I've been trying to make summary statistics class. I have some doubt. There
is a class DoubleSummaryStatistics in java.util package(There are two more
for Int and Long). I'll attach this file here.
Do I have to design SummaryStatistics in this way only? I mean, description
on DoubleSummaryStatistics is "This class is designed to work with (though
does not require) streams
<https://docs.oracle.com/javase/8/docs/api/java/util/stream/package-summary.html>.
For example, you can compute summary statistics on a stream of doubles with:


 DoubleSummaryStatistics stats =
doubleStream.collect(DoubleSummaryStatistics::new,

DoubleSummaryStatistics::accept,


DoubleSummaryStatistics::combine);"
Earlier my understanding of the project was that the user just have to call
the function "getSummary()" & all the calculations will be done
automatically in streams. but As we can see in DoubleSummaryStatistics we
have to call collect() method.
There are some functions like max, min, sum, count, average which are
already defined in this class. So should I extend this class in my class or
not? Also, I'll have to add more statistics other than max,min,sum for that
I have to override accept() function which will be used for  streams.

Warm Regards,
-- 
*Virendra Singh Rajpurohit*

*University of Petroleum and Energy Studies,Dehradun*
Linkedin:https://www.linkedin.com/in/virendra-singh-rajpurohit





[image: Mailtrack]
<https://mailtrack.io?utm_source=gmail&utm_medium=signature&utm_campaign=signaturevirality5&>
Sender
notified by
Mailtrack
<https://mailtrack.io?utm_source=gmail&utm_medium=signature&utm_campaign=signaturevirality5&>
06/02/19,
6:14:27 PM

Re: [Commons][Descriptive][STATISTICS-7][GSoC] SummaryStatistics class design & Whether to use DoubleSummaryStatistics class from java.util package?

Posted by Alex Herbert <al...@gmail.com>.

> On 2 Jun 2019, at 13:45, Virendra singh Rajpurohit <vi...@gmail.com> wrote:
> 
> I've been trying to make summary statistics class. I have some doubt. There is a class DoubleSummaryStatistics in java.util package(There are two more for Int and Long). I'll attach this file here. 
> Do I have to design SummaryStatistics in this way only? I mean, description on DoubleSummaryStatistics is "This class is designed to work with (though does not require) streams <https://docs.oracle.com/javase/8/docs/api/java/util/stream/package-summary.html>. For example, you can compute summary statistics on a stream of doubles with:
>  
>  DoubleSummaryStatistics stats = doubleStream.collect(DoubleSummaryStatistics::new,
>                                                       DoubleSummaryStatistics::accept, 
>                                                       DoubleSummaryStatistics::combine);"
> Earlier my understanding of the project was that the user just have to call the function "getSummary()" & all the calculations will be done automatically in streams.

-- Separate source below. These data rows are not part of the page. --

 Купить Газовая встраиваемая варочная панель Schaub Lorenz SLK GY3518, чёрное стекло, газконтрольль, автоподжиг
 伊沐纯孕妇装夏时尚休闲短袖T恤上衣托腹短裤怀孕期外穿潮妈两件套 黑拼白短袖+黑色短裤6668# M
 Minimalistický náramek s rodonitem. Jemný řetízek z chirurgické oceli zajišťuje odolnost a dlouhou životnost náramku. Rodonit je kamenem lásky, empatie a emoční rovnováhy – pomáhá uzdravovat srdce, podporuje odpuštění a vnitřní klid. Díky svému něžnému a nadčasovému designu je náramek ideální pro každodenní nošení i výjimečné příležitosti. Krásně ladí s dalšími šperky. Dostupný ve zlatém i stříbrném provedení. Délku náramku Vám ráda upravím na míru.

If you put all the work with streams inside the getSummary() function then the user cannot decide how to build the stream (e.g. serial or parallel). So designing like the JDK class to work with streams would be better.

> but As we can see in DoubleSummaryStatistics we have to call collect() method.  
> There are some functions like max, min, sum, count, average which are already defined in this class. So should I extend this class in my class or not? Also, I'll have to add more statistics other than max,min,sum for that I have to override accept() function which will be used for  streams.

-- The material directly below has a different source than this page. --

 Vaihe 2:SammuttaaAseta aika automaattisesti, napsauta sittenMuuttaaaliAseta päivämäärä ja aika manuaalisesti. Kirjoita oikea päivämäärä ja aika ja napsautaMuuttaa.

You could extend this JDK class to add functionality. In the accept and combine method just call super.accept and super.combine. Then do the extra work you require.

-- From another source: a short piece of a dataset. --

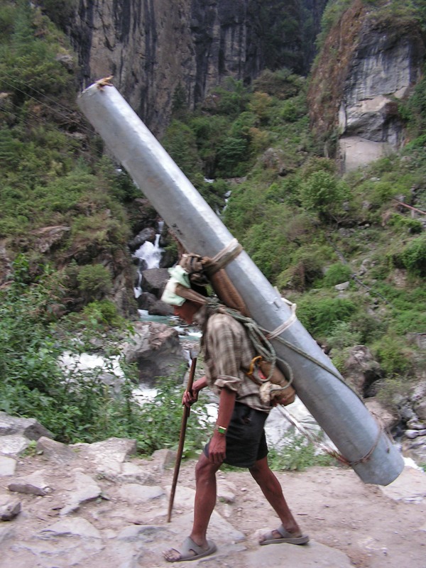 Пугающее зрелище. Когда портеры несут свои огромные корзины с поклажей или тюки литров в 200, это выглядит героически. Но когда 12-летняя девочка несет на голове мешок цемента, или хлипкий на вид мужчина несет такую трубу весом примерно с него самого, то это ужасает.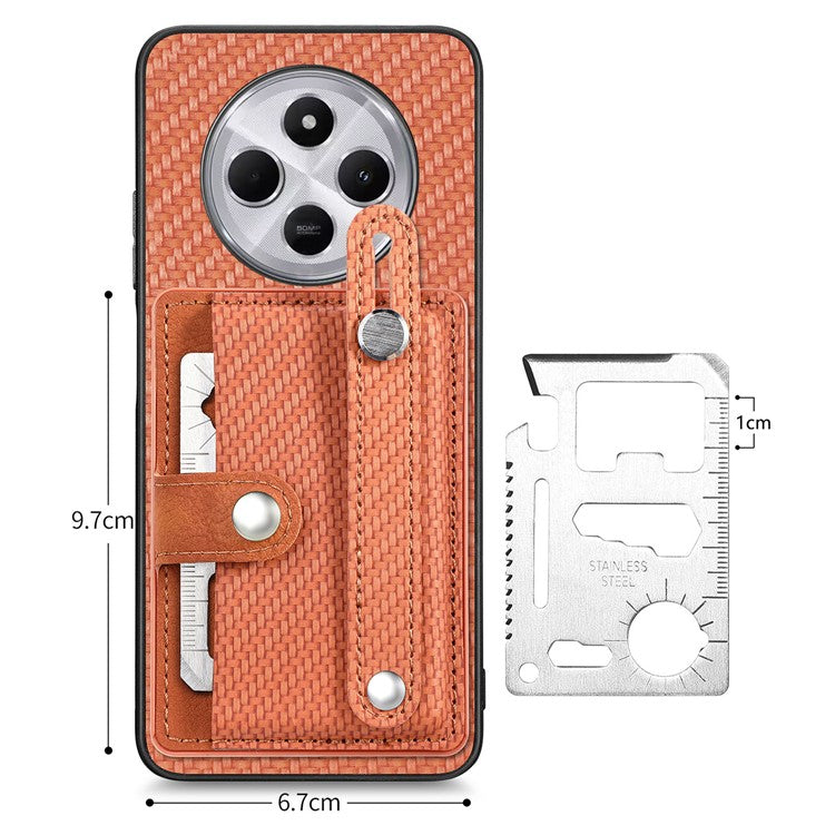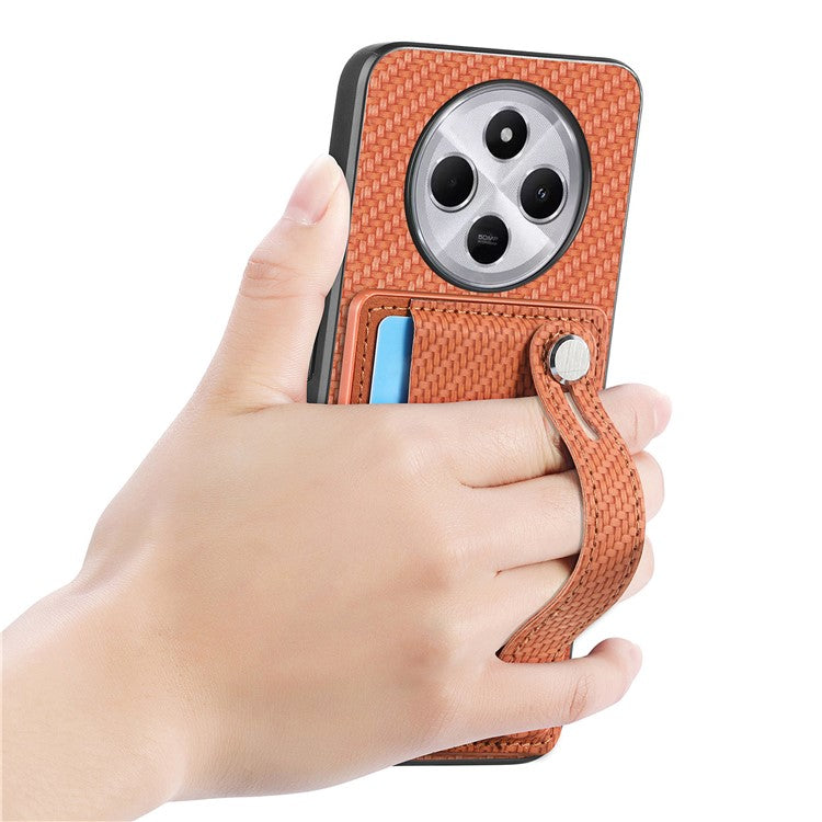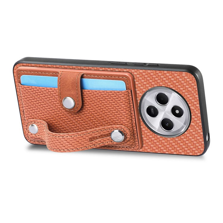 Phone Case For Xiaomi Redmi 14C 4G / 14R 5G / Poco C75 4G Wristband Anti-Drop Leather Back Cover Card Holder - Brown

One useful stat that is missing from the class is variance. A first addition would be to extend DoubleSummaryStatistics and add a variance (plus standard deviation) function with a variant for the population variance (or population standard deviation).

Note that a method to add a second moment to another second moment is required. This is not present in math4 AFAIK. There is this parallel variance algorithm [1] that would allow you to implement the combine() method to join two instances of your summary statistics class.

Alex


[1] https://en.wikipedia.org/wiki/Algorithms_for_calculating_variance#Parallel_algorithm <https://en.wikipedia.org/wiki/Algorithms_for_calculating_variance#Parallel_algorithm>


> 
> Warm Regards,
> -- 
> Virendra Singh Rajpurohit
> 
> University of Petroleum and Energy Studies,Dehradun
> Linkedin:https://www.linkedin.com/in/virendra-singh-rajpurohit <https://www.linkedin.com/in/virendra-singh-rajpurohit>
> 
> 
> 
> 
> 
>   <https://mailtrack.io/?utm_source=gmail&utm_medium=signature&utm_campaign=signaturevirality5&>	Sender notified by 
> Mailtrack <https://mailtrack.io/?utm_source=gmail&utm_medium=signature&utm_campaign=signaturevirality5&> 06/02/19, 6:14:27 PM	
> 
> ---------------------------------------------------------------------
> To unsubscribe, e-mail: dev-unsubscribe@commons.apache.org
> For additional commands, e-mail: dev-help@commons.apache.org


Re: [Commons][Descriptive][STATISTICS-7][GSoC] SummaryStatistics class design & Whether to use DoubleSummaryStatistics class from java.util package?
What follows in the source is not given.